City Council President Breean Beggs said council could reconsider.

“We are waiting for the initial data back from our vendors to see if the restrictions are getting in the way of fully deploying those funds,” Beggs said.

That makes it sound like the city will only reconsider the restriction if CARES Act funding would otherwise go unspent. But that’s not the point. Residents who otherwise qualify for the assistance shouldn’t be hung out to dry because of where their landlords live. They have no control over that.

CARES Act money goes directly to landlords, covering up to four months of rent between April and Oct. 1. The money pays 80 percent of rent, with the landlord promising to forgive the rest and agreeing not to evict the tenant for the next six months.

Tenants can earn no more than 80% of the area median income and must be suffering financially because of the COVID-19 pandemic. The city has another rental assistance program funded by the U.S. Department of Housing and Urban Development, but its income requirements are more stringent.

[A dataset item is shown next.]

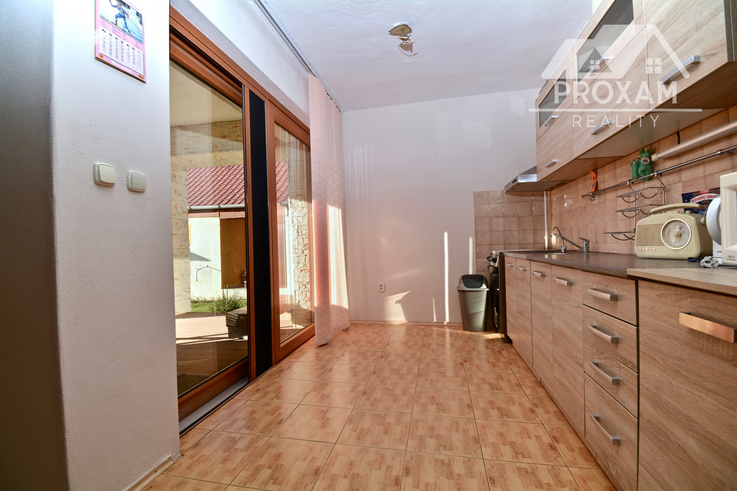 Pri dome sa nachádza letná kuchynka, priestranná dvojgaráž a prístrešok.
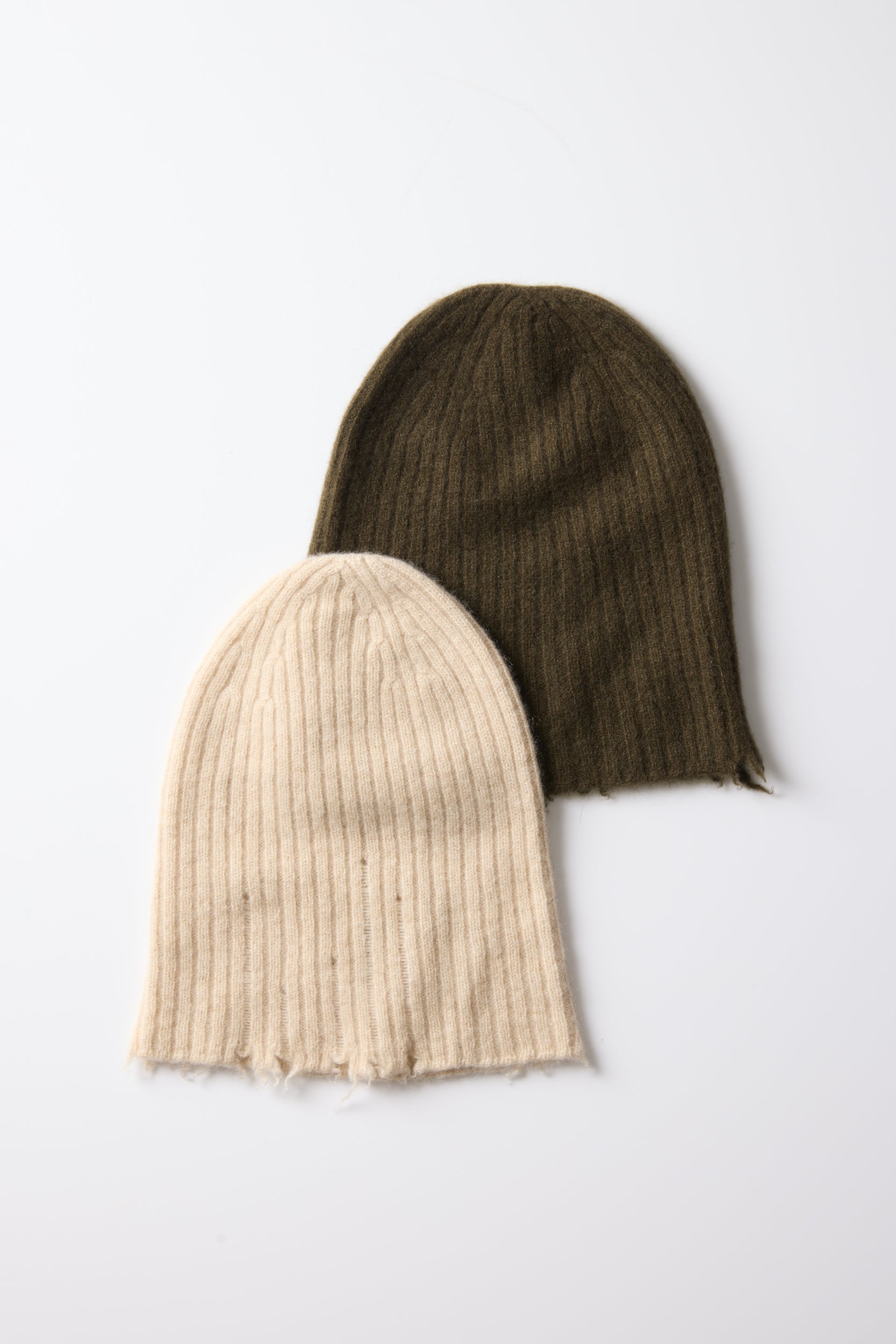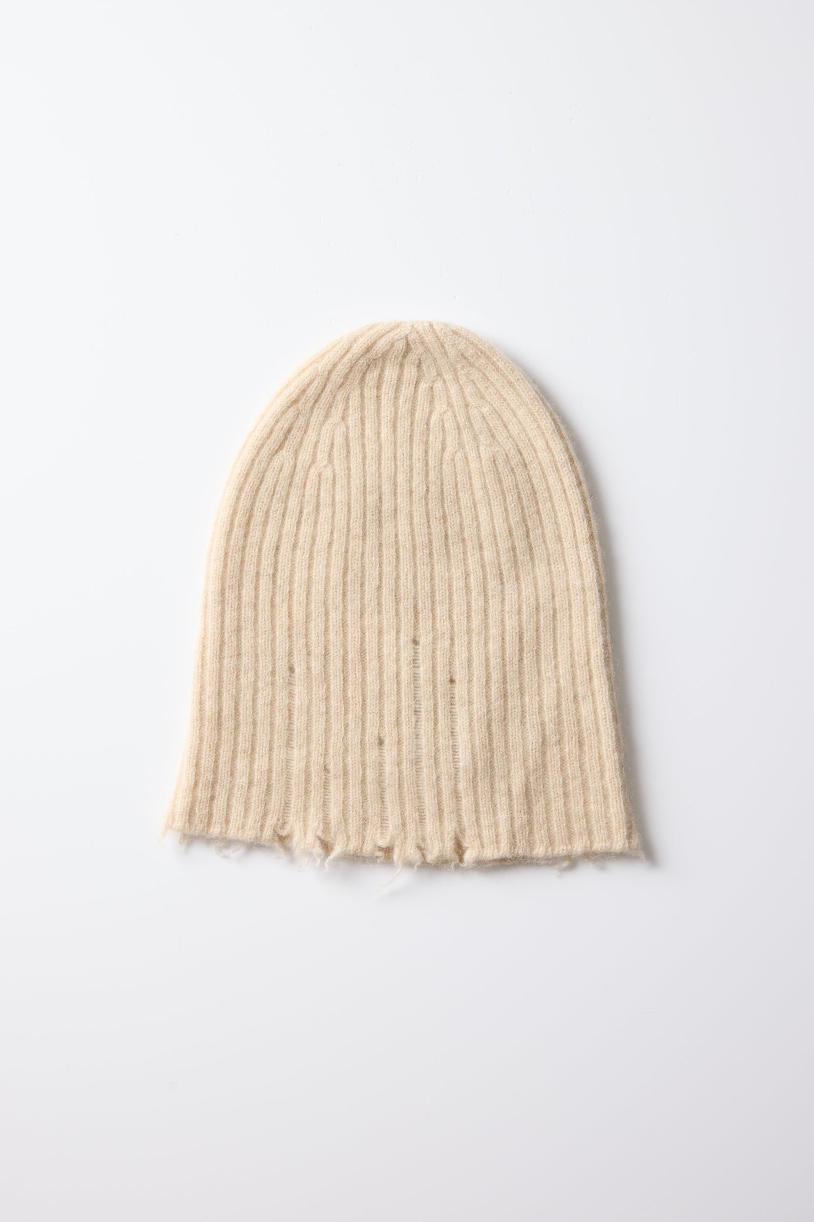Soft hat from house of Chinese designer Uma wang. A soft, lightweight beanie hat made from 100% cashmere. Ribbed design with frayed edges .

Gov. Jay Inslee’s eviction moratorium protects renters. They can’t be tossed out of their homes for failure to pay rent. That’s nice – but each month puts them further behind. The rent comes due eventually.

Even if the economy recovers and they get their jobs back or their hours fully restored, these renters face the prospect of having to pay back four or five months’ worth of rent, an impossible task for low-income, paycheck-to-paycheck workers.

CARES Act funding was meant to help alleviate the pain of people put out of work by the pandemic. Withholding that relief because of where their landlords live is unconscionable and wrong. Council should change this policy now, not wait until it gets initial data back from vendors.